Cannabis: scopri "chi" è

Come riconoscere da subito anche le qualità spirituali di questa pianta fondamentale leggendo l'anteprima del libro di Stephen Gray.

Lei chi è?

Nel corso degli ultimi diecimila anni, e probabilmente da un tempo ancor più antico, la cannabis è stata uno dei protagonisti della storia dell’umanità e in molte culture è stata considerata e sentita come un essere o una divinità. Dico lei, attribuendole il genere femminile, perché è così che nella cultura occidentale, sia in passato che al giorno d’oggi, la maggior parte di coloro che vi entrano in relazione ne fa esperienza.

In Cina, ottomila anni fa, i semi della cannabis erano usati come cibo, mentre duemila anni più tardi veniva coltivato un antenato della Cannabis sativa per utilizzare le fibre del suo stelo nella creazione di corde e nella realizzazione di tessuti. Sappiamo anche che, circa cinquemila anni fa, i cinesi già utilizzavano alcune parti della pianta della cannabis come rimedi medicinali per svariati disturbi. Tremila anni orsono, in Asia centrale e forse anche in zone ancora più lontane, i semi erano ampiamente usati nel corso dei rituali, come offerta nelle invocazioni e deposti insieme ai fiori sulle tombe dei defunti.

La cannabis era anche utilizzata come incenso, in modo che producesse i suoi effetti su tutti coloro che ne respiravano il fumo negli ambienti in cui veniva bruciata. Nello stesso periodo la Cannabis indica era ampiamente diffusa anche nel subcontinente indiano, in cui presero piede sia l’uso rituale che quello medico.

La cannabis e i suoi semi, provenienti dall’Asia, fecero il loro ingresso nel nord Europa duemilacinquecento anni fa e i viaggiatori che percorrevano la via della seta verosimilmente commerciarono e trasportarono ogni cosa relativa alla pianta: dalle storie e leggende sino alla sua medicina. E in Nord America, dal XVI secolo fino a circa ottantanni fa, la cannabis è stata ampiamente apprezzata come straordinaria erba medica e fonte estremamente utile di fibre. Poi la situazione si è letteralmente capovolta: la istituzioni mediche e legali hanno demonizzato la pianta e solo adesso stiamo faticosamente riemergendo da questo assurdo secolo di proibizionismo dei doni della natura.

Sappiamo che nel corso delle ultime migliaia di anni la medicina, il nutrimento e l'incenso pungente della cannabis sono stati tenuti in gran conto, ma non conosciamo granché della storia della sua “personificazione”, di come venisse considerata uno spirito da molte etnie di regioni dell’Asia e dell’Africa. Sappiamo solo che c’erano rituali in cui la si fumava in gruppo, che dalla cannabis si ricavavano oli rilassanti ed efficaci tisane curative e che venivano narrate storie e intonate canzoni su di lei. Esistono alcuni antichi riferimenti letterari che ci indicano come venisse percepita.

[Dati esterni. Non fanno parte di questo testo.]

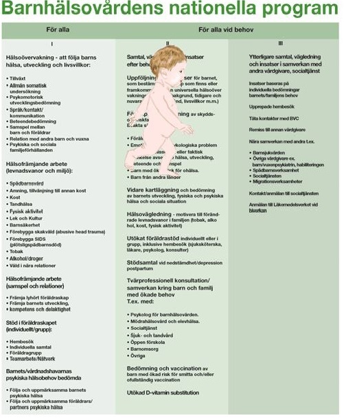 Barnhälsovårdsprogrammet innehåller tre delar och illustreras på Rikshandboken av en tabell med tre kolumner i tre gröna nyanser (se bild).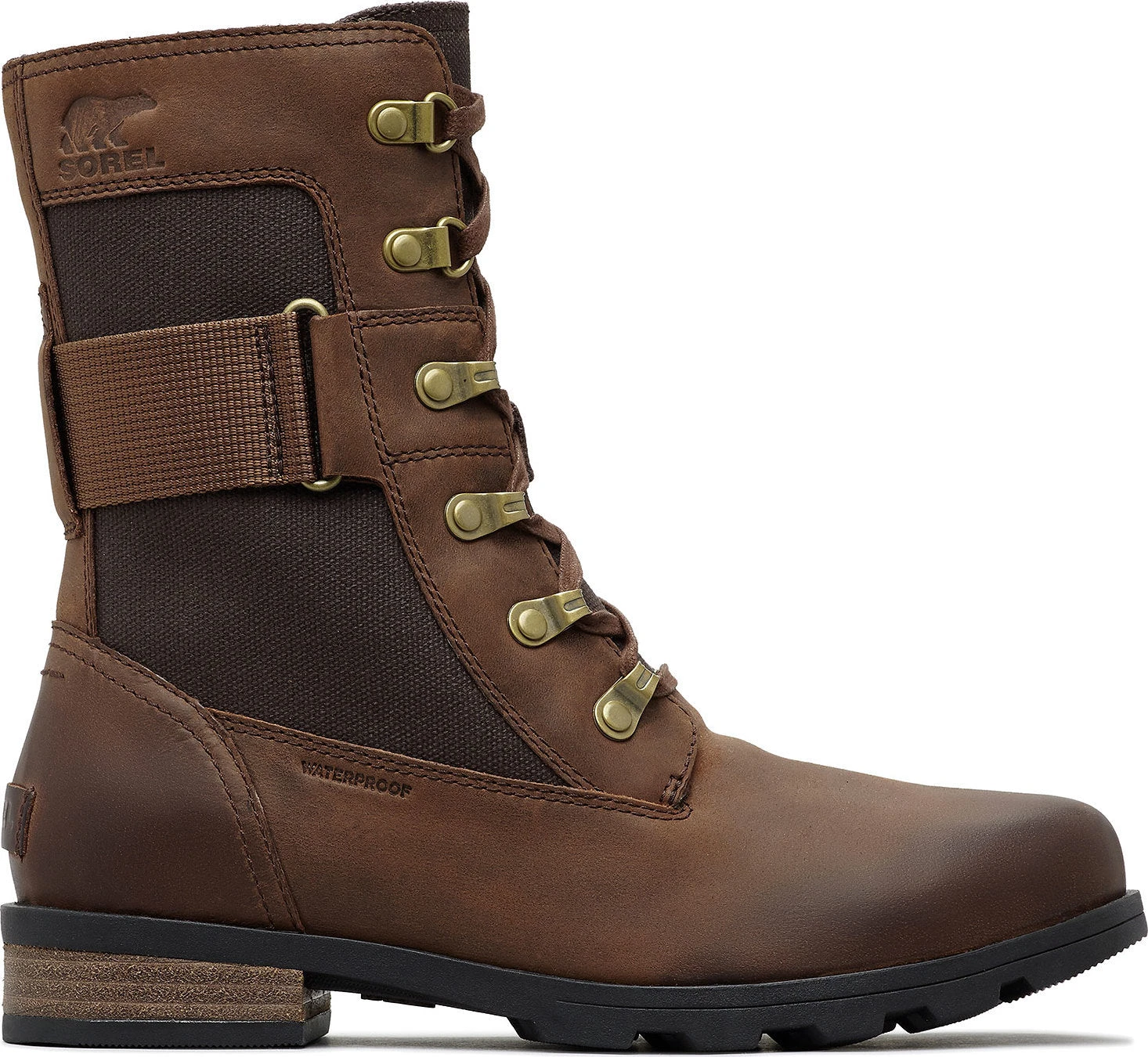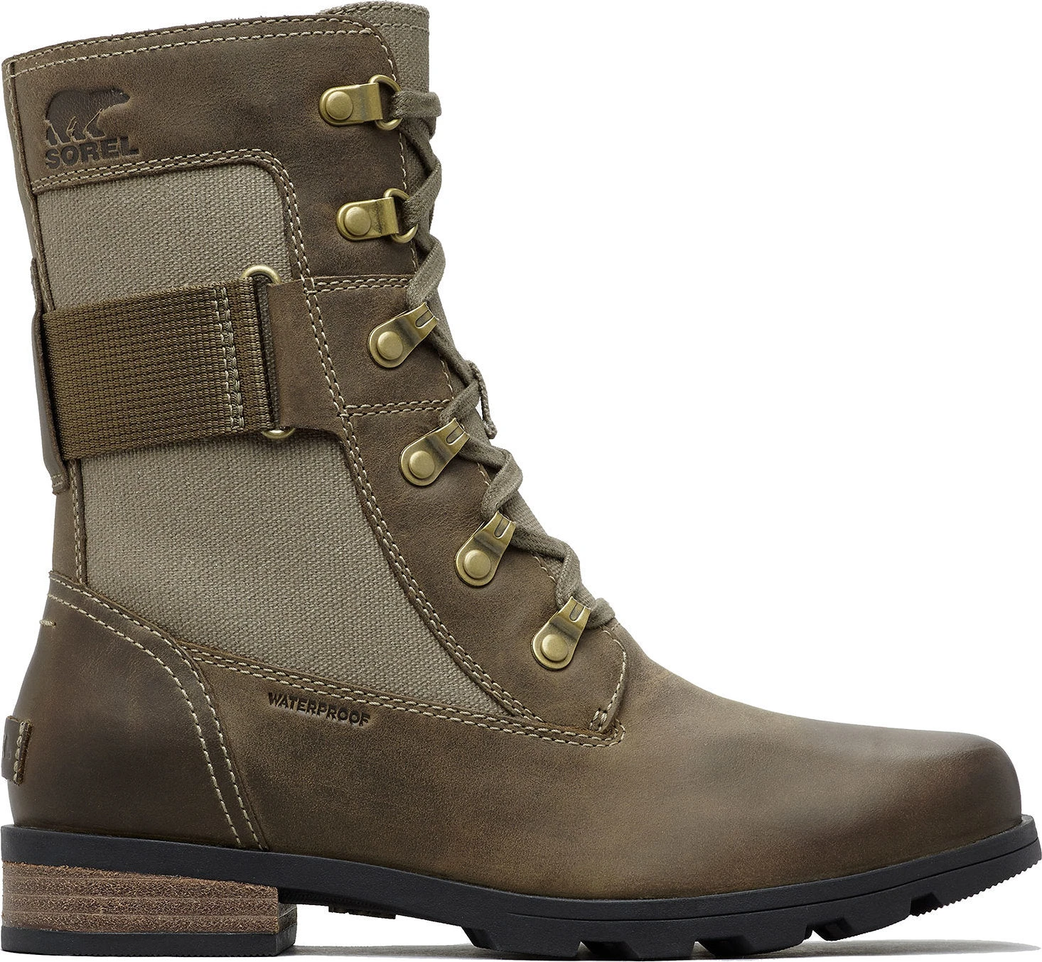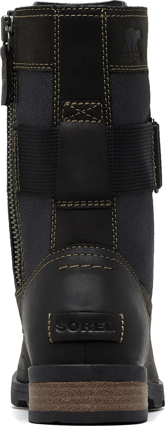 The womenâs EMILIE Conquest Boot is a performing wet-weather protector that sacrifices nothing in style or edge while getting to work or play in the rain. The waterproof upper of full grain leather and coated canvas gives contrast paneling and is fully seam-sealed against water. The lining is a canvas-synthetic blend. A removable die-cut memory EVA footbed provides cushion and comfort. A microfleece top cover ups the comfort level further. A rubber midsole and molded rubber outsole give sturdiness and traction. The block heel is leather-wrapped. Brass hardware and buckle details lend an edge to the boot.

Nell’antica Cina, il nome della divinità che risiedeva nella canapa, l’utilissima fibra che si ottiene dallo stelo della cannabis, era Ma. Sia la pianta maschio che quella femmina venivano rappresentate nel pittogramma della canapa sedute dentro un rifugio o una casa. (Le specie della cannabis sono dioiche: producono fiori femminili e maschili su piante separate. Il vento è l’impollinatore che permette al polline maschile di fecondare il fiore femminile.)

La canapa è stata una pianta di fondamentale utilità per centinaia di generazioni di esseri umani. Ma era quindi lo spirito di colei che cresce, colei che ci copre, colei che ci unisce, colei che lega insieme ogni cosa. Nella cultura umana tutte le specie da cui produrre corde e tessuti sono sempre state ritenute fondamentali, e la canapa è stata apprezzata come uno dei vegetali più pratici e funzionali in tal senso fin dai tempi in cui eravamo ancora dei nomadi e ogni cosa cresceva in modo selvaggio. Il ruolo della canapa era ancora cruciale nell’epoca in cui le grandi navi europee salpavano alla ricerca dei tesori del mondo, nonostante gli europei del XVI secolo, di fede prevalentemente cristiana, non tenessero in gran considerazione le divinità naturali che dimoravano nelle piante da cui traevano le fibre per la realizzare le loro corde, vele e bandiere.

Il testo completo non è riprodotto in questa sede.